Quedó inmóvil en el fondo. No respiraba. Nadie alrededor. La niebla ocultó a los agresores. Pasaron los minutos y no salió a la superficie, su peso se lo impidió. Alguien pasó y alertó a la policía. No se veía nada, pese a los potentes focos. La ambulancia esperaba, subida en el bordillo. Entonces hicieron otra llamada.
Vino enseguida. Bajó del coche, se enfundó el traje de neopreno de cinco milímetros, las aletas cortas y el resto del equipo. Bajó la escaleras y se hundió sin prisa. Sabía lo que le esperaba, no era la primera vez. El fondo estaba turbio por efecto del oleaje y la visibilidad era escasa, aún con la linterna. Ayudado por su intuición y profesionalidad, no tardó mucho tiempo en localizarlo en el fondo. Frío como un témpano, pesado, imposible moverlo de allí. Inyectó aire del regulador en la boya de descomprensión, marcó la posición y salió del agua.

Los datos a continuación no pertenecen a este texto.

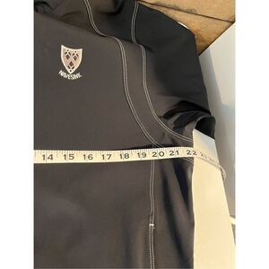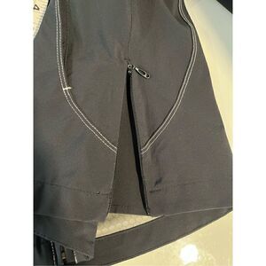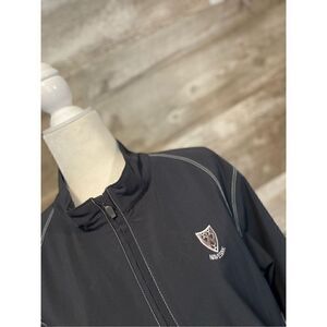 Sun Mountain ladies black Softshell jacket with zip closure and front zip pockets. There are also two zippers to extend the width of necessary. Waterproof. Please note: some of the interior lining is flawed around the lower neck and one of the sleeves is missing the Velcro buckle.
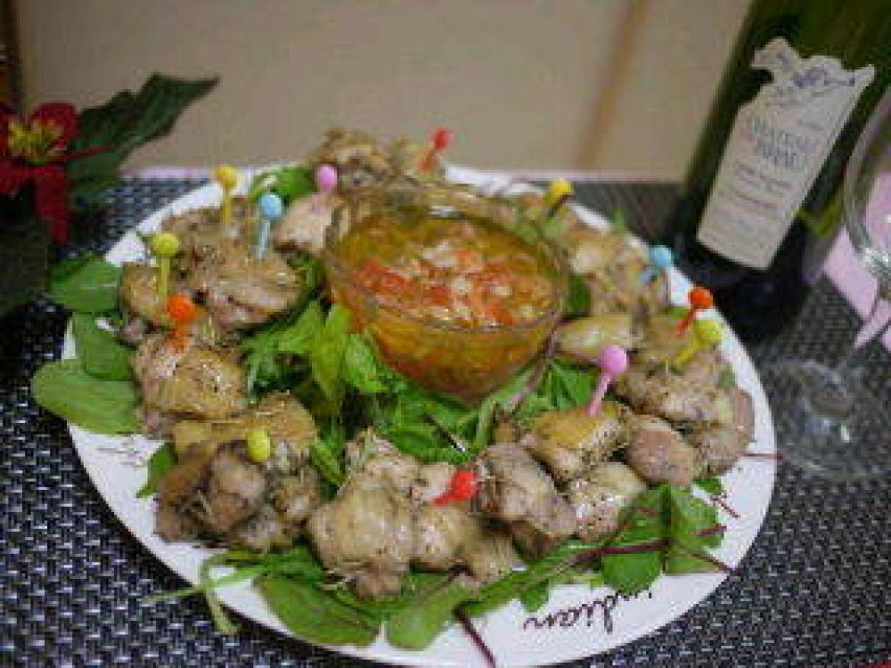 ![]() 【チキン】大きめの1口大に切り塩胡椒をしてビニール袋に入れ、*印を入れ冷蔵庫に半日以上寝かせる。
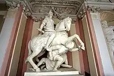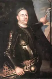 ![]() Juan III Sobieski (por Jerzy Siemiginowski-Eleuter), con armadura y bastón de mando. | ||

Mientras abría el maletero de su furgoneta, llegó su amigo, instructor, como él. Ya estaban allí los periodistas, siempre se enteran. Examinaron el equipo y consideraron suficiente unas cinchas y dos boyas; los policías tendrían que ayudar a sacarlo del agua una vez estuviera a flote. No fue una tarea complicada, no más que otras.
Cuando, por fin, lo subieron al muelle, todos se aproximaron a mirar. Consternados, comprobaron que le faltaba un brazo. Fueron a buscarlo. El bronce soldará bien, pero quedará la señal. ¡Qué raqueros son quienes han tirado a este otro al agua! ¡Si solo amagaba!